Written on 9/17/2014 in Web development

Requestor part 3


NancyFx AngularJS

Part 3 of the Requestor series is here. And this one will be about AngularJS. I'm new, so this won't be an how-to-use-angular tutorial. But I want to share my thoughts and how I handled things. One small thing to mention is that I have used JQuery a lot in the past after banishing it to the depths of hell1. The Vorpal blog is written without JavaScript framework, the vanilla Javascript took over the job to make me curse a lot.

Angular !== JQuery

I read this tutorial from the AngularJS website, then got bored and started fiddling about. The first thing I realised was that AngularJS and JQuery aren't even on the same planet. I would even say, the only thing they have in common is Javascript.

Now, what I always hated about JQuery is that there was no clear link between the html and the javascript. I would load the html, this would load jquery and a javascript file. And whenever the dom was ready, I would do some stuff on the page, bind events, make some spaghetti(code) and eat it. They were almost completely separated, and it worked well as long as you kept it structured and clean. Let me rephrase: As long as you could keep it structured and clean.

In JQuery, most of the time, the files are separate and have no meaning, looking at the HTML does not give you the feeling there's anything going on there. With AngularJS I had the opposite feeling from the beginning. You declare your app and controllers in the html code. You create scopes, directives, ... and if you follow even a limited naming convention, you can easily track down what's happening in which Javascript file by looking at the html.

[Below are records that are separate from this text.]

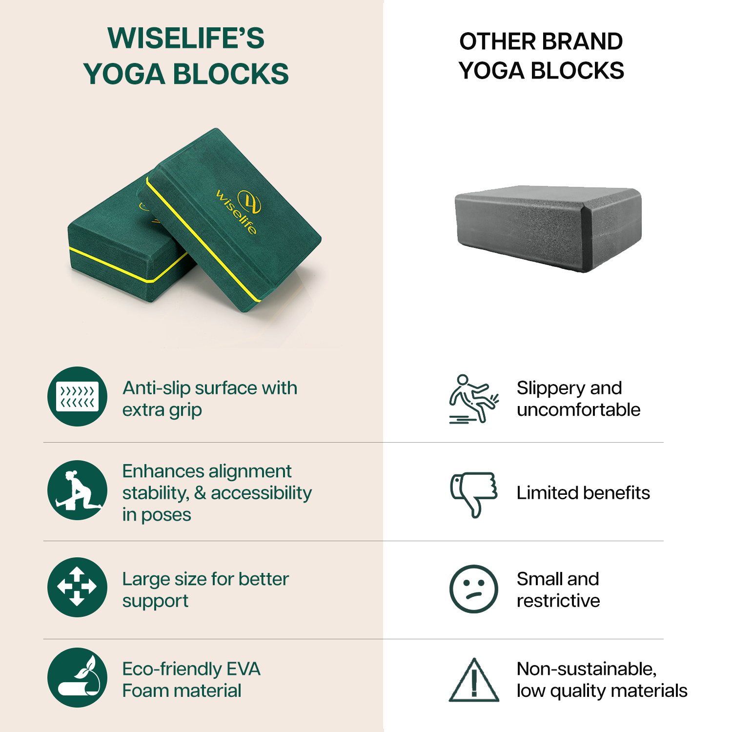 - ULTRA DURABLE & LIGHTWEIGHT: Designed for convenience, these lightweight pro yoga blocks are easy to carry, stack, and store. Their compact and travel-friendly build makes them the perfect addition to your yoga bag or gym gear. Whether you’re practicing at home, in the studio, or on the road, the Wiselife Pro Yoga Blocks offer consistent support and stability wherever your journey takes you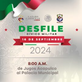 Cd. Lázaro Cárdenas, Michoacán a 15 de Septiembre de 2024.- Con motivo del 214 Aniversario de la Independencia de México, el Gobierno Municipal de Lázaro Cárdenas extiende una invitación a toda la población para asistir al tradicional Desfile Cívico-Militar, que se llevará a cabo este lunes 16 de...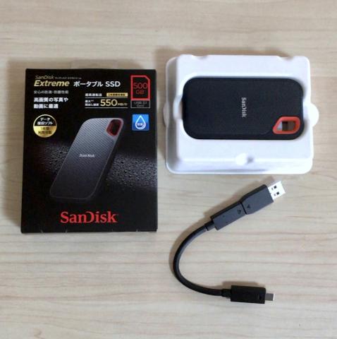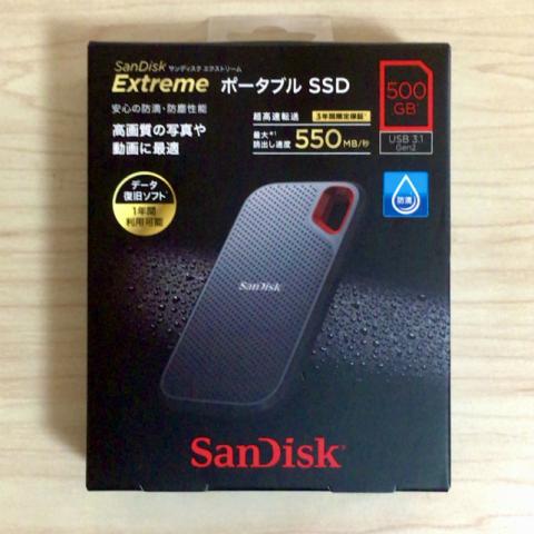 SanDisk 外付SSD 500GB エクストリーム ポータブル 読出し速度 最大550MB/秒 USB3.1 Gen2対応 データ復旧ソフト付(1年間利用特典) SDSSDE60-500G-J25 です。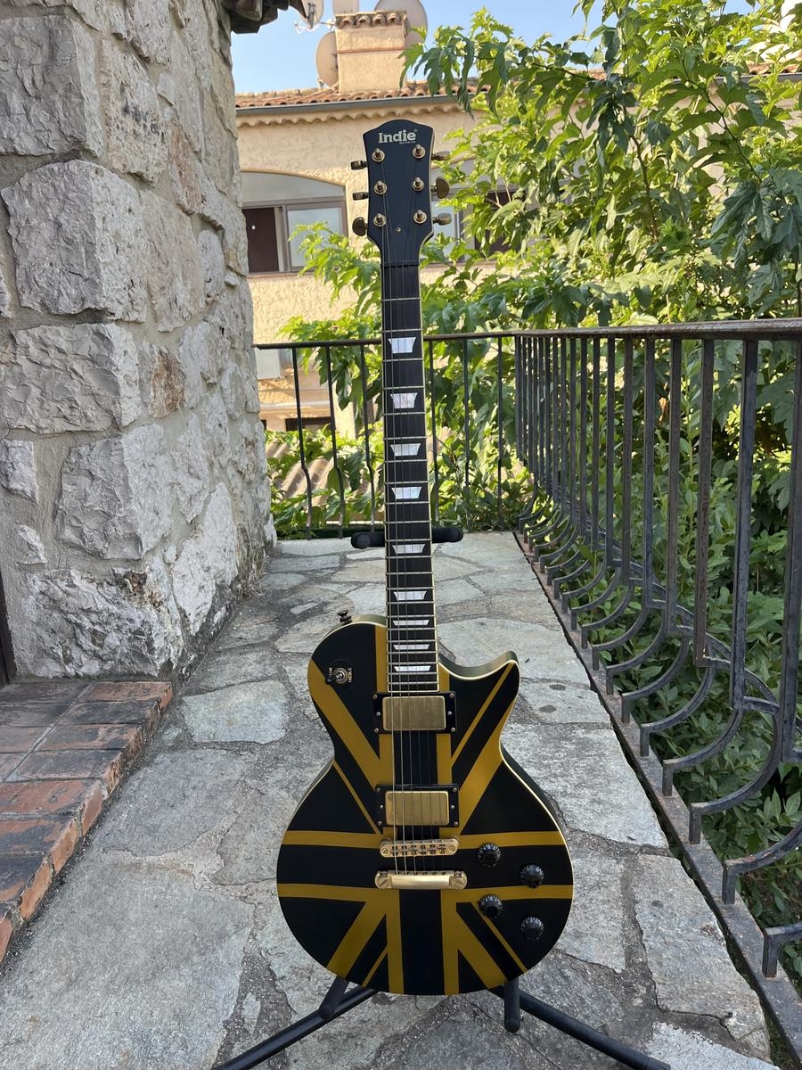 • Corps : Forme Les Paul avec graphique Union Jack en noir et jaune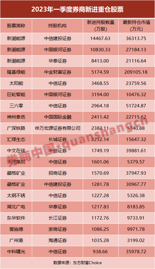 个股方面,从进入前十大流通股东数据看,Choice数据显示,2023年一季度,券商自营盘共新进293只股票。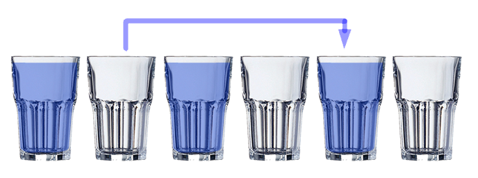 Primer, agafa l’ovella i l’emporta a l’altra banda del riu i torna; agafa el llop i va cap a l’altra banda, deixa el llop i torna amb l’ovella; deixa l’ovella i pren l’enciam per anar a l’altra riba, deixa l’enciam amb el llop i torna per agafar l’ovella amb la que va a l’altra banda. Ja ha acabat. ha passat ell i el llop, l’ovella i l’enciam.
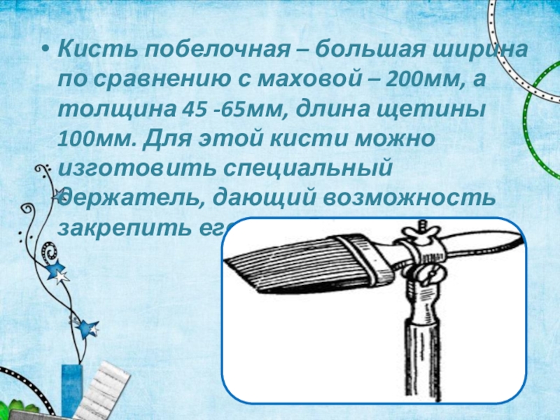 Слайд 5Кисть побелочная – большая ширина по сравнению с маховой – 200мм,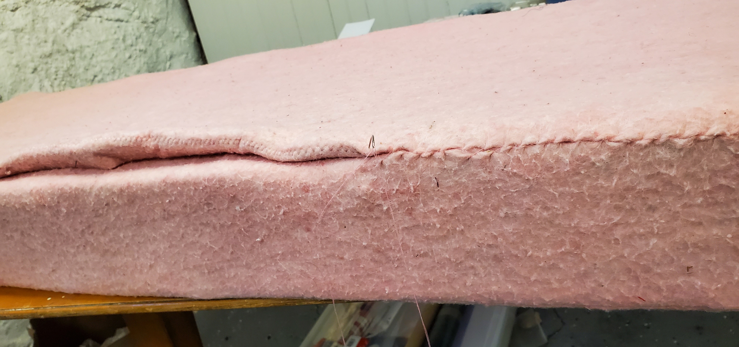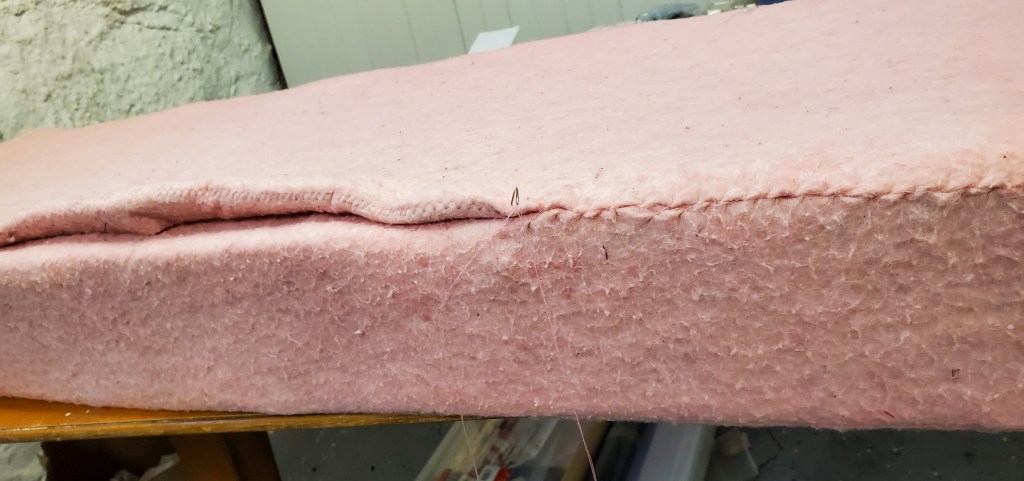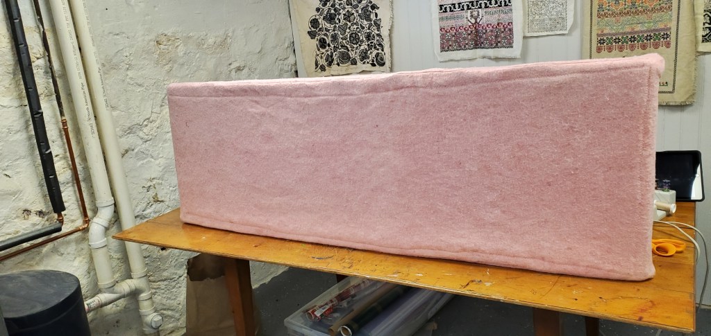 I began assembling the six sides to make my cushion cover, but discovered that my initial concept of making a big pillow slip and sliding the foam inside would not work. The grabby nature of both the foam and the pink fabric preclude that. Instead I assembled it “coffin style” – with the three edges of one of the long sides to be sewn by hand, instead of with the smaller end piece being stitched last. Here you see assembly and the final product. The pink stuff turned out to be very stretchy and unruly, and I ended up having to use more tension than I thought to get the cover fitted as closely as I could. The curved upholsterer’s needle helped a lot.

AngularJS requires a whole different mindset to work with, and has its setbacks as well. For me, it was the difference between services, modules, controllers and whatever more demons there are. I read some documentation, not all of it, but I still didn't see a clear difference between them. They all have a scope, they all execute Javascript, they all have dependencies that are being resolved, ...

Architecture

I like how ASP.Net MVC works with the Model-View-Controller stuff happening on the server. There's a lot of control and it's a clear way of thinking. You get a request, you route it to an action in a controller, the action will do stuff and return a view. The view can use a model to display information. Angular however runs on the client side which means that when you need data from the server, you should implement a REST API, or any means to fetch and submit JSON data. Another option is managing data locally and completely disconnecting pages from the server.

So the landscape looks something like this:

Requestor landscape

Views:

Requestor views

Angular architecture (modules, controllers and services)

Requestor angular

You can see it's nothing big and it's quite clear what everything does. With some exceptions:

  • $sce: Service used for injecting html
  • RequestStorageService: Service for adding, editing, getting or deleting request collections in localstorage
  • RequestStorageController: Controller for managing request collections and request history
  • PersistenceService: Service for interaction with localstorage (serializing / deserializing strings for storage, managing 'tables')
  • SharedObjectsService: Shared objects between the requestorController and the requestStorageController
  • $http: Service for making http requests
  • AppHttpService: Service for making http requests, wrapper around $http for a single point of handling requests that are made by the user

Final points

So this is a very simple app, yet I already use a lot of controllers, and the dependencies for services already look like spaghetti. I'm saying this because I'm not using a very good JavaScript IDE and when I change anything there is almost no validation, something I've grown accustomed to while writing in strongly typed languages.

That being said, the app reacts quick, everything works, and everything is rather flexible. To top it off, I'm not reluctant to change any of the code. Probably because I've kept it single-responsibility as much as I can and try to keep my controllers and services under 100 lines of code. But it's angular's accomplishment for making that possible, by making it easy to segregate your content3 without using classes.

I can definetly see a future for Angular, but I'm still reluctant to fully embrace it. This is already a lot of stuff to do on the client in my opinion. I am not anxious to add routing and templating to it. Perhaps I will, one day. :)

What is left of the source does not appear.